78
Te beginnen met de door Edouard Dujardin voorafgegane James Joyce, zien wij dus als extreme tegenpool van de klassiek opgebouwde, logisch verantwoorde psychologische roman -, (mogelijk gemaakt door Flaubert's worsteling om buiten zijn personen te blijven) -, een nieuwe school opkomen. Daarin vertoont zich, door de overwoekering van de subjectieve persoonlijkheid van de schrijver, de realiteit volkomen stukgemaakt en geatomiseerd.

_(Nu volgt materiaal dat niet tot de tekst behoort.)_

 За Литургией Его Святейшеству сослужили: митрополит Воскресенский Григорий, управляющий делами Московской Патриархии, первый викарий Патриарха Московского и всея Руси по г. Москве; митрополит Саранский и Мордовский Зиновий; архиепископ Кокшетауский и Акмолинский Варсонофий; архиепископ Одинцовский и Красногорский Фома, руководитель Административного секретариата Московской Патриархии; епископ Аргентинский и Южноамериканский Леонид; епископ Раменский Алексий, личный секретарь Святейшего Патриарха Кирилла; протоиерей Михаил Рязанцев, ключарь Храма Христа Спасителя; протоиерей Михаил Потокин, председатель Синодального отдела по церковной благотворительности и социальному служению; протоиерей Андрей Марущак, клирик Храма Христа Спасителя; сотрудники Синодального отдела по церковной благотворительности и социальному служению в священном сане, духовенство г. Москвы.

En dan breekt allengs steeds meer in de moderne roman de romantische houding door, die de geestesgesteldheid van de auteur onverhuld tot uitgangspunt neemt. Men zal haar vinden in het psychologisch relativisme, dat soms door terzijde's van de auteur tot de lezer aan de slechtste tijd van de conventionele negentiende eeuwse Romantiek herinnert. Maar zij heeft ook monumentaal werk voortgebracht als de machtige roman-fleuve van Marcel Proust, of ‘Les Faux-monnayeurs’ van Gide.

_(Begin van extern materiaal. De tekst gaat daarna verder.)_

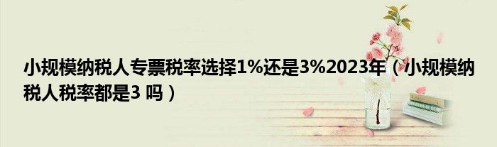 关于小规模纳税人专票税率选择1%还是3%2023年,小规模纳税人税率都是3 吗这个很多人还不知道,今天菲菲来为大家解答以上的问题,现在让我们一起来看看吧!
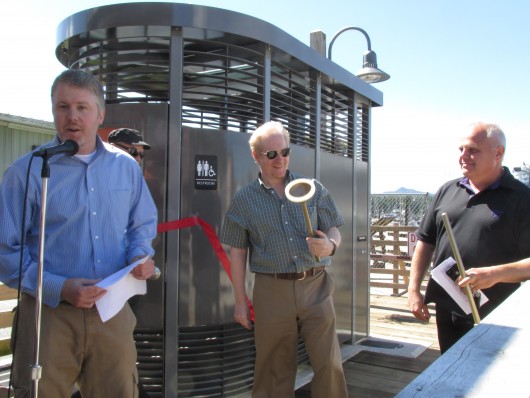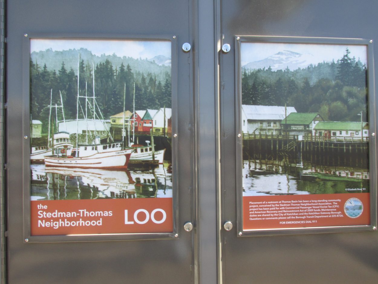 A ribbon cutting ceremony for a new public facility was held Thursday morning (June 12th) in downtown Ketchikan. The christening of the Stedman –Thomas Neighborhood Loo attracted about 40 people on a sunny and windy morning.
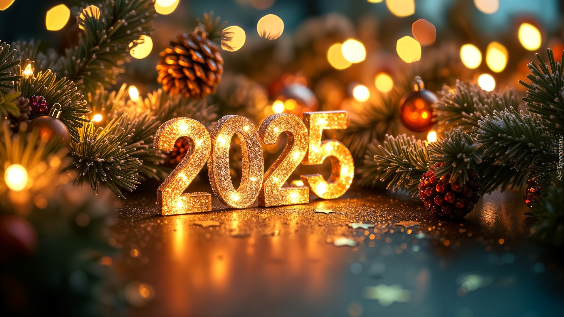 Edytor tapety: Cyfry 2025 obok rozświetlonych gałązek świerkowych z szyszkami
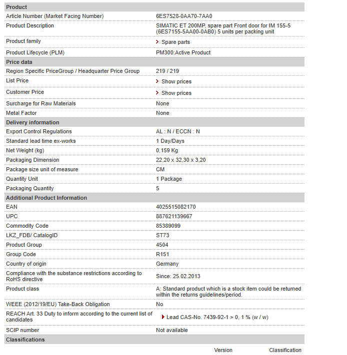 SIMATIC ET 200MP, spare part Front door for IM 155-5 (6ES7155-5AA00-0AB0) 5 units per packing unit
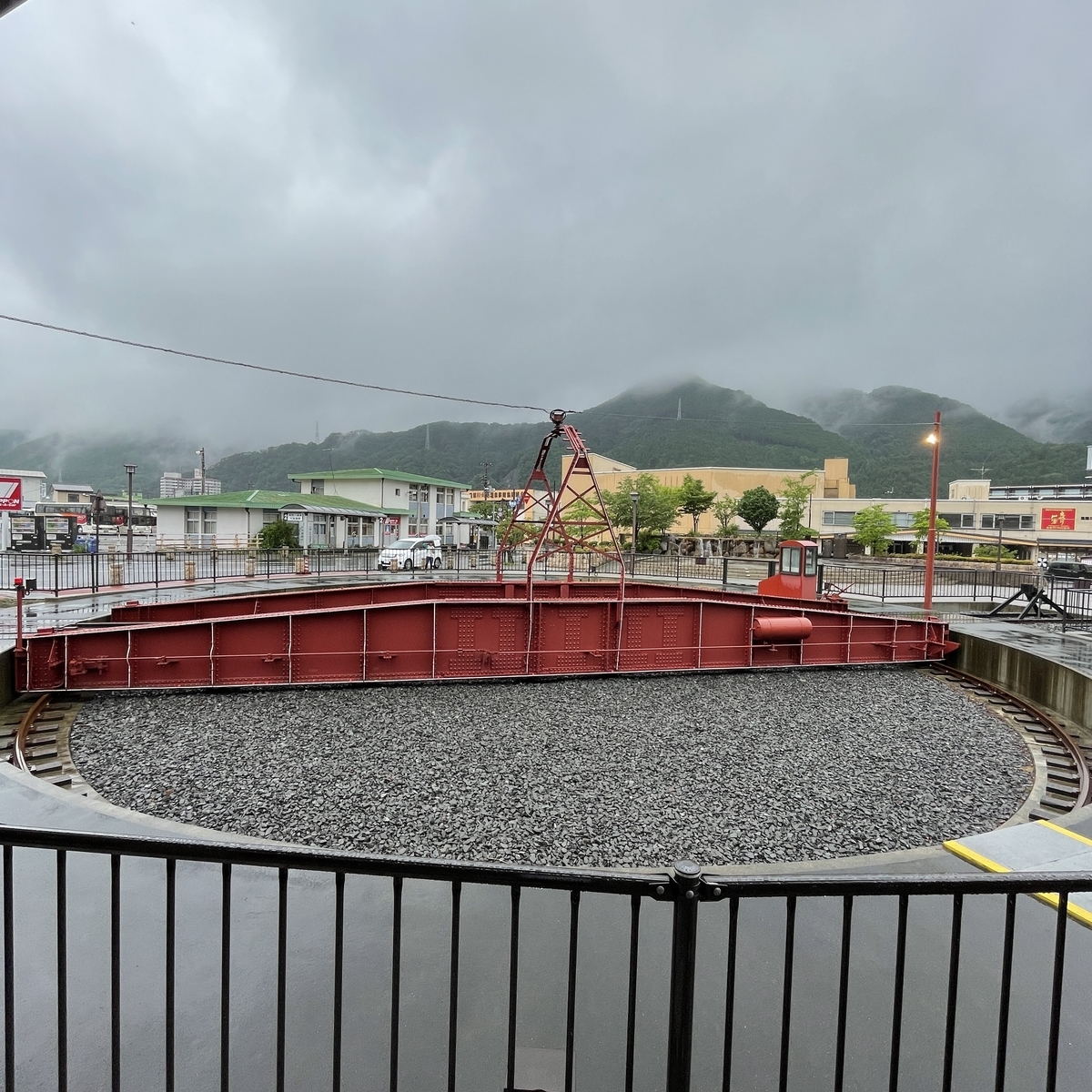駅前にはSL大樹の転車台があります。SLは通常の電車と異なり、逆向きに走ることができないため、終点では前後の向きを反転させる必要があります。タイミングが良ければここでぐるっと回るSLが見れそうですね。

Die modern romantische houding vindt men ook in de bestrijding van de werkelijkheid van tijd en ruimte door het simultaneïsme, dat op zijn beurt werd aangekondigd door het voorafgaande unanimisme van Jules Romains. In ‘Mort de quelqu'un’ van Romains (1923) ziet men de wisselwerking tussen individu en groep: de geschiedenis, - niet van mensen maar van een bepaald voorstellingsbeeld in een aantal mensen.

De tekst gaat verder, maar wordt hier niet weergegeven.